The lines to return are those from the line holding "Red, teal, gray" through the last line of the entries below, both included, written exactly and without pictures.

» **EXTRACTED RECORDS**
*** Begin section ***
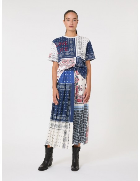Una pieza sofisticada y con un toque bohemio. La Falda Luna de Max Mara está elaborada en un ligero tejido de twill con estampado bandana, que aporta movimiento y frescura a cada paso. Su diseño acampanado se realza gracias a un panel ajustado adornado con pliegues, que define la silueta de forma elegante y femenina.
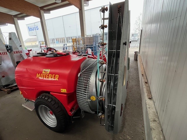 Mitterer 10-81VV gezogenes Sprühgerät, Lenkdeichsel für Unterlenker, IDS 1401 Messingpumpe, Bereifung 12/0.55-16, elektrische Bedienung mit elektrischen Druckregler, für 2 Teilbreiten, digitale Druckanzeige, rotierender Einspühlpilz Edelstahl, Weitwinkelgelenkwelle
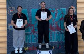 Алина Войтенкова заняла два первых места: 1 место в борьбе на левую и 1 место в борьбе на правую руку (весовая категория 63 кг).
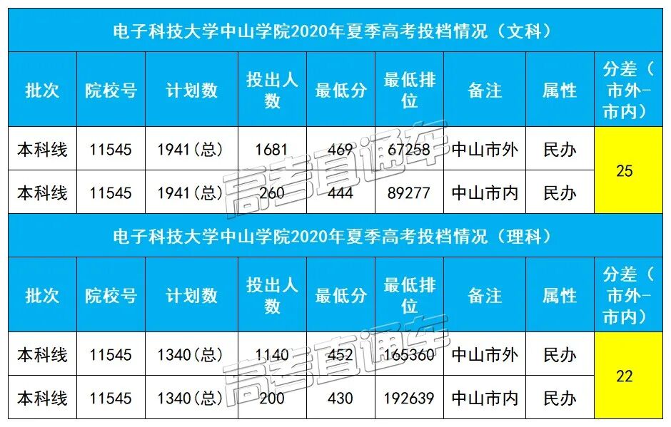 电子科技大学中山学院市内外的分数差距分别为文科25分,理科22分。
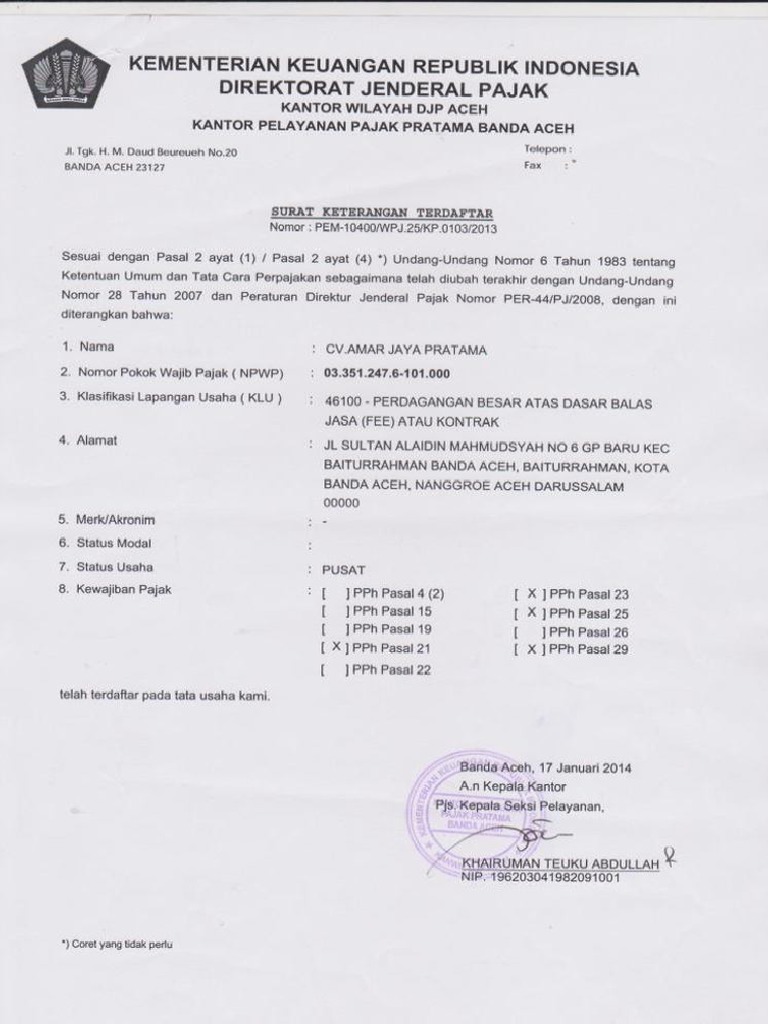 Skt Pajak Cv. Amar
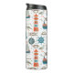Red, teal, gray nautical graphics on white background, seamless repeat pattern
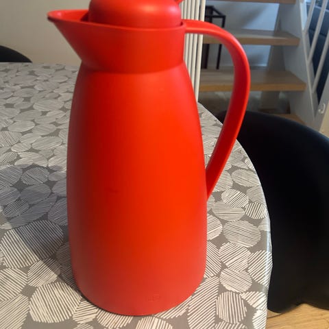 Alfi termokande i sølvfarvet metal. Klassisk kandeform med hank og låg med hældetud. Indersiden er udført med isolerende indsats, som holder drikke varme eller kolde i længere tid. Egnet til servering af kaffe, te eller andre varme drikke i køkken eller spisestue. Sælges som sæt med to ens kander på billederne.
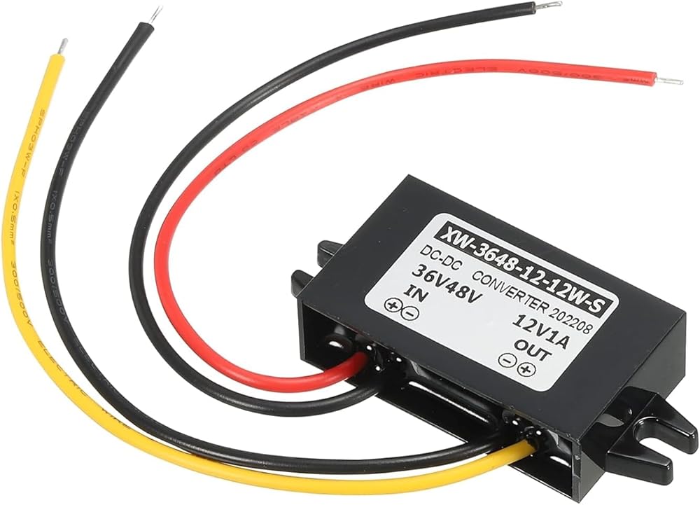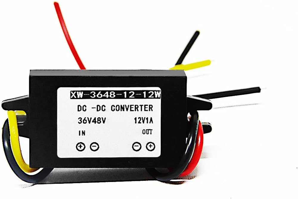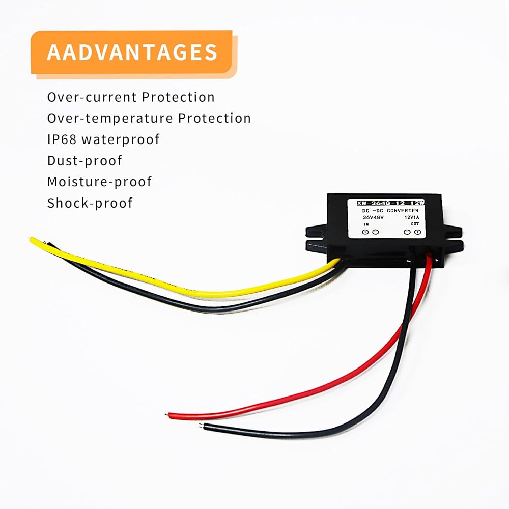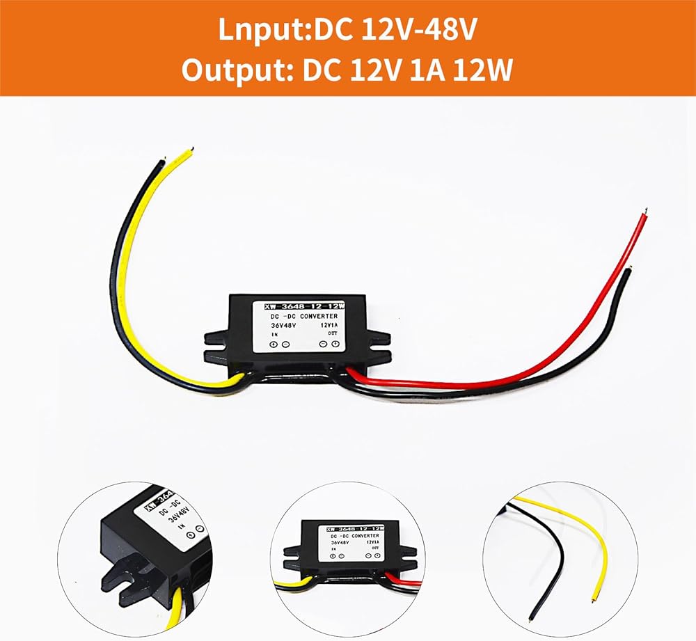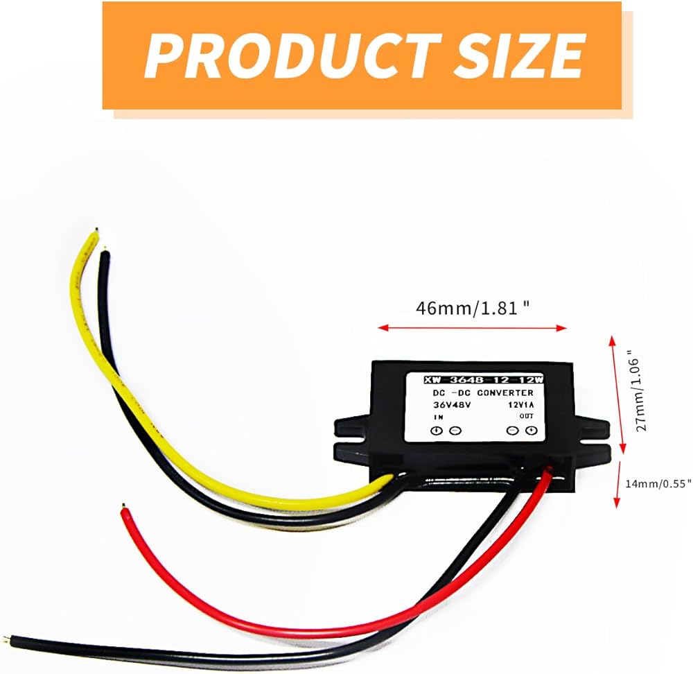 Input Rated Voltage: DC 36V 48V; Output: DC 12V 1A 12W; Size: 46mm x 27mm x 14mm/1.81 inch x 1.06 inch x 0.55 inch(L*WH); Mounting Hole Diameter: 4mm/0.16 inch; Mounting Hole Distance: 2.2 inch.
*** End section ***
» **SOLUTION**
Red, teal, gray nautical graphics on white background, seamless repeat pattern
 Alfi termokande i sølvfarvet metal. Klassisk kandeform med hank og låg med hældetud. Indersiden er udført med isolerende indsats, som holder drikke varme eller kolde i længere tid. Egnet til servering af kaffe, te eller andre varme drikke i køkken eller spisestue. Sælges som sæt med to ens kander på billederne.
 Input Rated Voltage: DC 36V 48V; Output: DC 12V 1A 12W; Size: 46mm x 27mm x 14mm/1.81 inch x 1.06 inch x 0.55 inch(L*WH); Mounting Hole Diameter: 4mm/0.16 inch; Mounting Hole Distance: 2.2 inch.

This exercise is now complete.